The most depressing part of this is that it is a literally insoluble problem so long as representation in the U.S. Senate is equivalent regardless of size and there are (however many) farm states as there are. I hate to agree with Pauly Krugnutz on this (seriously, I just pooped a little), but the Farm States have power that is waaaaaaay disproportionate to their population. We are, almost literally, in service to giant stalks of corn.
This is what secretly happens behind the scenes in Iowa. I can't get the stupid link to work right, but it's the novel I'm referring to.
http://en.wikipedia.org/wiki/Harvest_Home_(novel)
Why is the rest of the nation forced to give a shit about Iowa? No one cares about the Commonwealth of Pennsylvania, do they? DO THEY? No, they don't. Where are the untouchable subsidies for whatever the fuck it is we still produce here in the Keystone state? Big federal moneys for hunting deer or playing high school football or some shit like that.
No one would ever support Scrapple subsidies.
Right. I'd like to see a candidate go in there and announce : " OF COURSE I am going to lose big, I AM GOING TO CUT THEIR FUCKING SUBSIDIES! Coming in last is a badge of honor."
Could work.
I think PA's Marcellus Shale will be that thing for a couple of decades.
I knew Pawlenty sounded too stupid to be cool.
I would like to pull the rug out from under the rat-otter furrie-making industry for reasons unrelated to subsidies.
T-Paw sure has an ugly wife.
""T-Paw sure has an ugly wife.""
He got the best his wife subsidy could afford.
Is that a monocled gopher? I sure hope so.
Add a top hat and it could be the new LP mascot --
Donkeys, elephants and capitalist gophers.

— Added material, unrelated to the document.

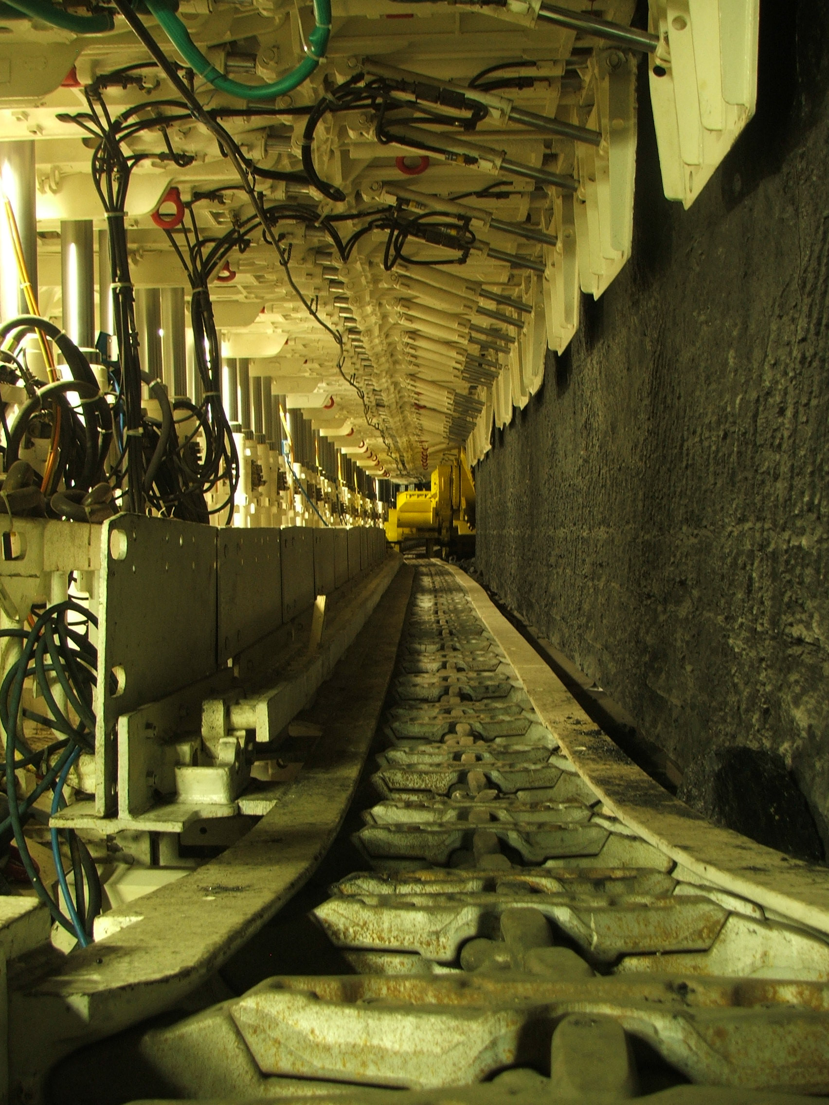 Bergbaumuseum Bochum, a view from the exposition in 16 m depth

Gophers trespass. They have no respect for property rights. And I don't want the LP theme song to be by Kenny Loggins.
Hmm...what animal doesn't trespass on private property, is completely self-reliant and doesn't live communally? Whatever that animal is, stick on a monocle and top hat, and that will be our mascot.

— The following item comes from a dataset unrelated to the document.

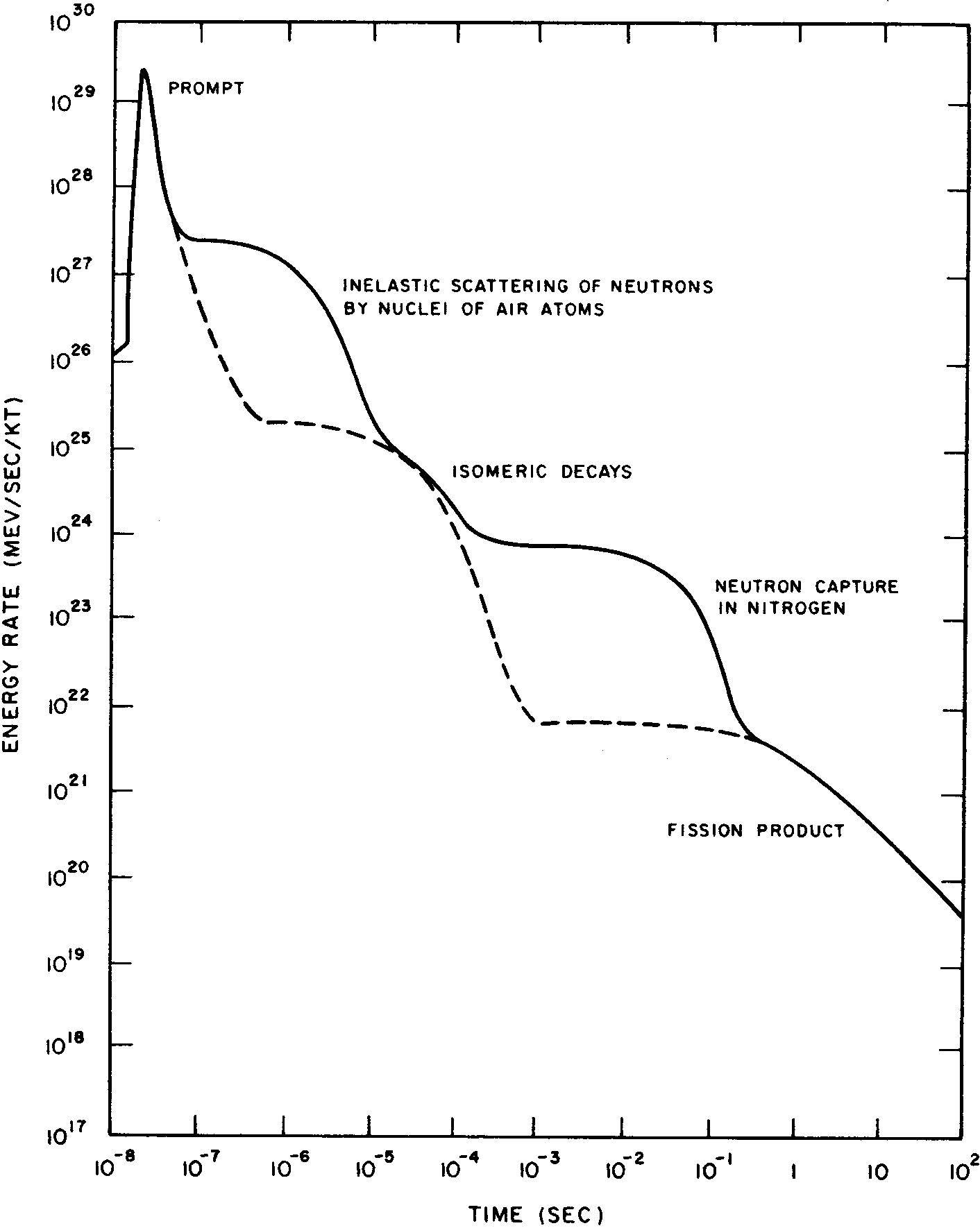 Calculated time dependence of the gamma-ray energy output per kiloton energy yield from a hypothetical nuclear explosion. The dashed line refers to an explosion at very high altitude.

Ooh ooh! Monocled badgers. Avoid humans, live alone, self-reliant. Likes getting drunk on rotten fruit. Plus they're supposedly awesome warriors.
That doesn't seem fair. Humans don't respect animal property rights, so why should animals respect human property rights? Sounds like a double standard to me, you hypocritical corporatist bastard.
Yes.
Unfortunately, the last of its species.
It died of acute bullshit exposure shortly after the photo was taken.

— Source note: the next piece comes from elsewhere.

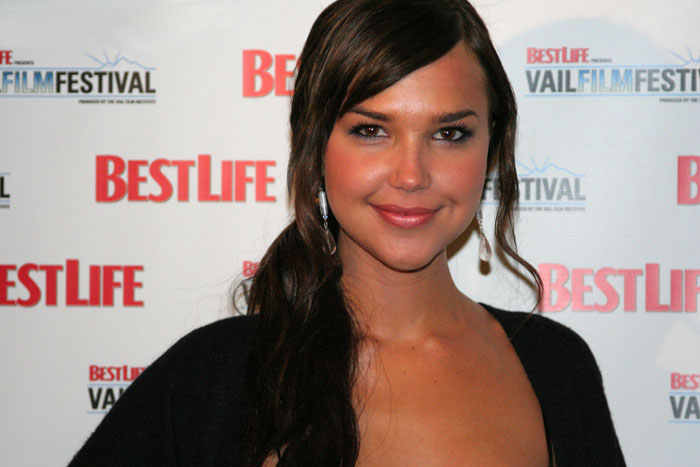 Arielle Kebbel at the 2007 Vail Film Festival

I hear Bill Murry is still chasing it.
Good reasons to kill ethanol subsidies? They make beer more expensive. Also, they significantly increase the cost of feeding the world's population.
I also want to know how much ethanol adds to the cost of gas at the pump. How much would gas prices fall if the ethanol was removed? Or would it fall at all?
I know that the ethanol lobby is getting a free BJ from taxpayers every year, but I'm curious if some of that money is from the taxes on gas itself.
FWIW the price of of mid-grade gas with no ethanol is cheaper than the price of regular with ethanol in my hometown.
When it benefits "job-creators", it shouldn't be called Corporate Welfare. It should be called "benign wealth redistribution". Everyone knows that there is a direct correlation to money given to corporations and the number of Americans they hire in America. Or do they?
"We can't just pull the rug out from under the industry,'' he said. "There are going to have to be some changes, but we have to be fair-minded about it.''
SOP for a POS.
The poor are too fat anyway -- what is this obsession with affordable food?
It is pretty amazing to see so many conservative politicians visit Iowa and discover that farm subsidies really are important...
One politician once defied conventional wisdom. In 1988, Michael Dukakis, campaigning in Iowa for the Democratic caucuses, suggested getting rid of subsidies. He said farmers could move from growing subsidized wheatand instead grow more valuable produce, like Belgian endive.
He was of course widely ridiculed for suggesting Belgian endive, and many wrote off his campaign. He did lose the Iowa caucus, but he carried Iowa in November against George H.W. Bush, and Iowa went for every Democrat nominee for President after that until 2004. So Belgian endive did not sink his campaign.